El cigarrillo se vincula directamente con la enfermedad, y el paciente con artritis reumatoidea lo tiene que descartar. “Lo mismo ocurre con las bebidas alcohólicas, que deben estar restringidas”, añade la médica.

Aunque destacó la acción de los medicamentos biológicos, que inhiben el desarrollo de las causas de la enfermedad, la especialista aclaró que el tratamiento “no se limita sólo a la medicación”, y que “debe ser integral e incorporar las medidas de prevención dadas anteriormente y básicamente la realización de actividad física y ejercicios para mantener la fuerza muscular, evitar la limitación de los movimientos, mantener una adecuada calidad de vida y prevenir la discapacidad”.

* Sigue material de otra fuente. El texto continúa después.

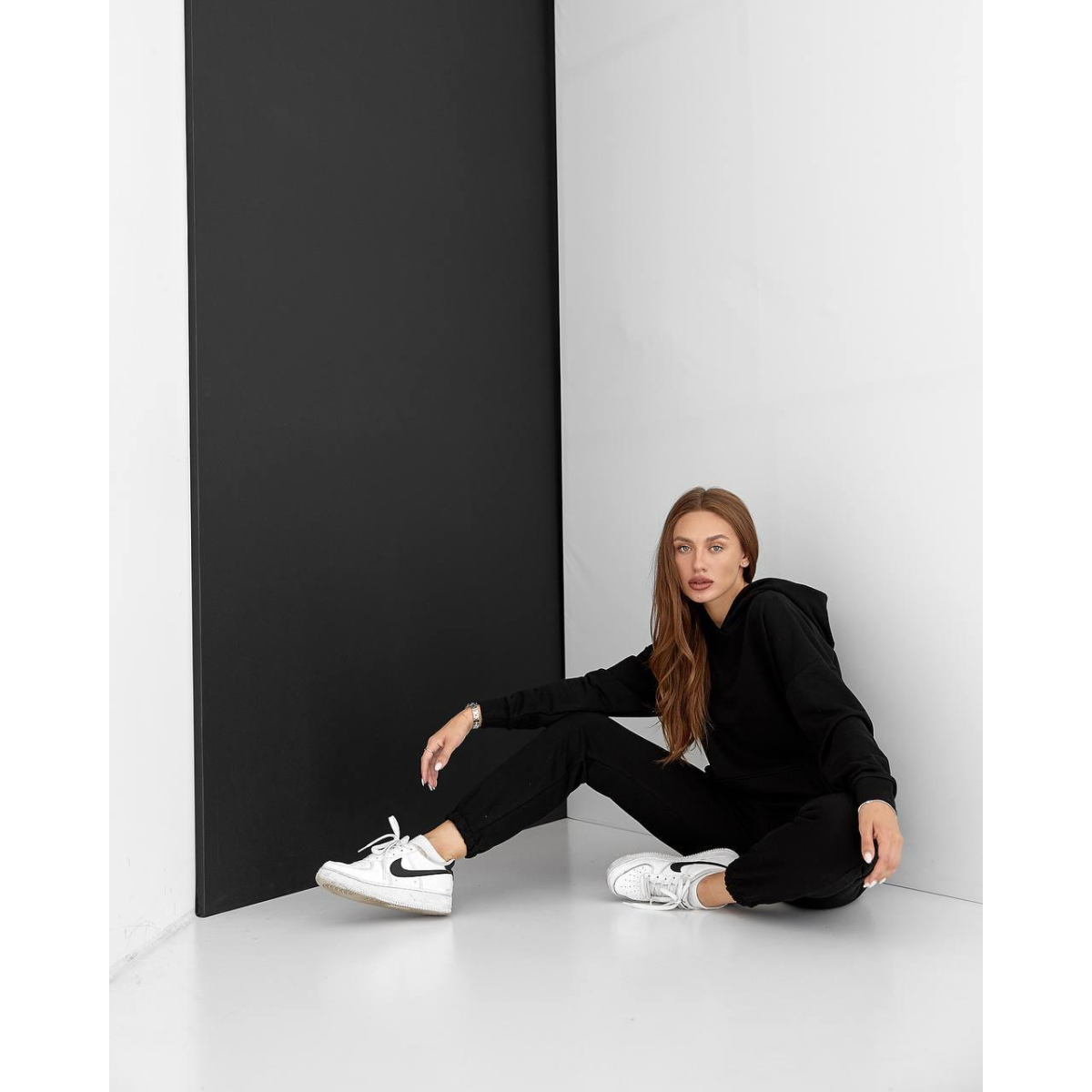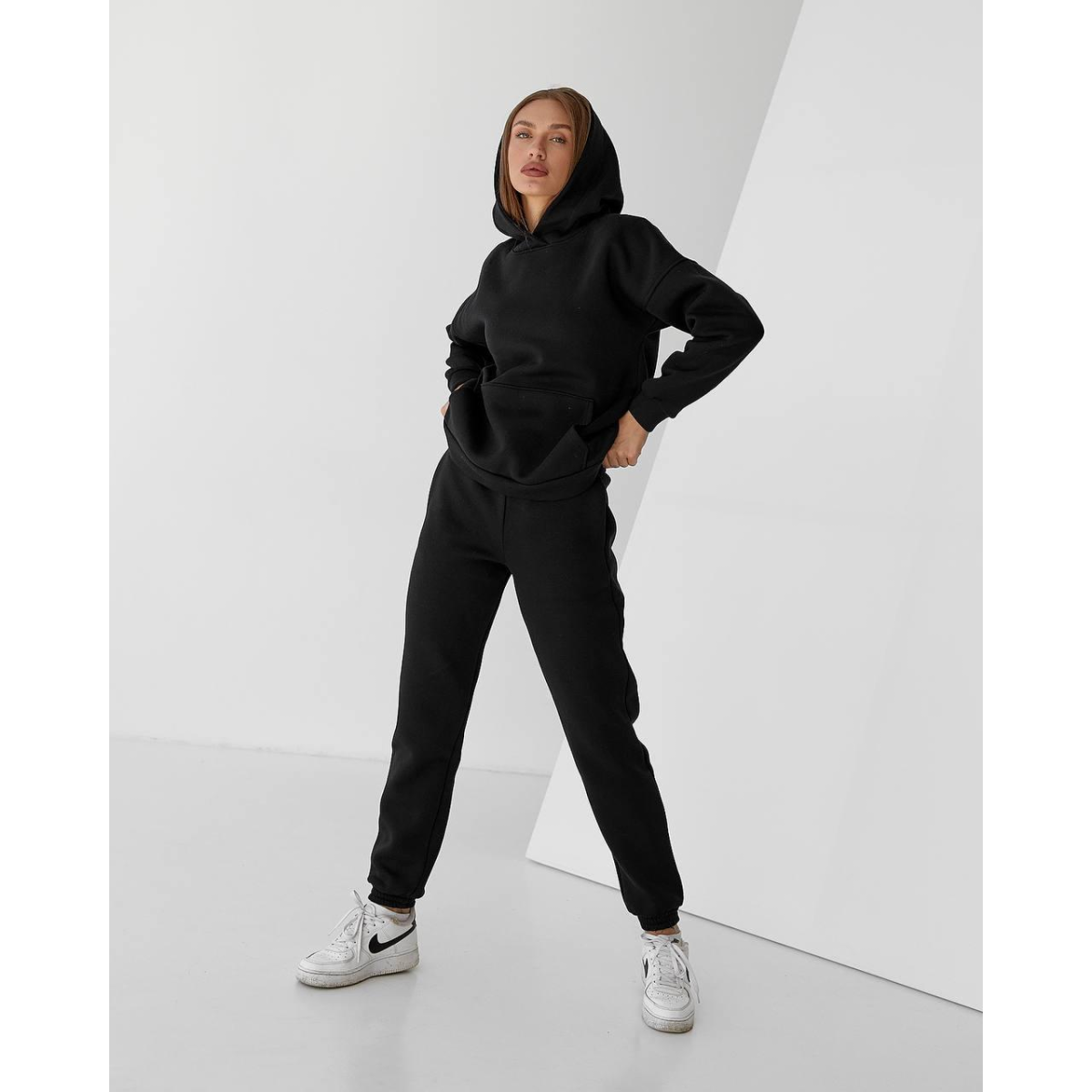 Жіночий спортивний теплий костюм оверсайз чорний, XXL

Por su parte, Nora Chazarreta, fundadora y presidente de EARyF, explicó que desde la asociación buscan “una mejor calidad de vida presente y futura de la persona con artritis, evitando la discapacidad”, realizando para ello actividades de difusión “para concientizar a la comunidad sobre la importancia de esta dolencia y la necesidad de su prevención con un diagnóstico precoz”.

“También acompañamos al paciente a conocer y asumir la responsabilidad del autocuidado con asesoramiento y acompañamiento permanente en la parte afectiva y emocional, así como en la defensa de sus derechos para acceder a la medicación de alto costo presupuestario”, destacó la presidenta de la ONG.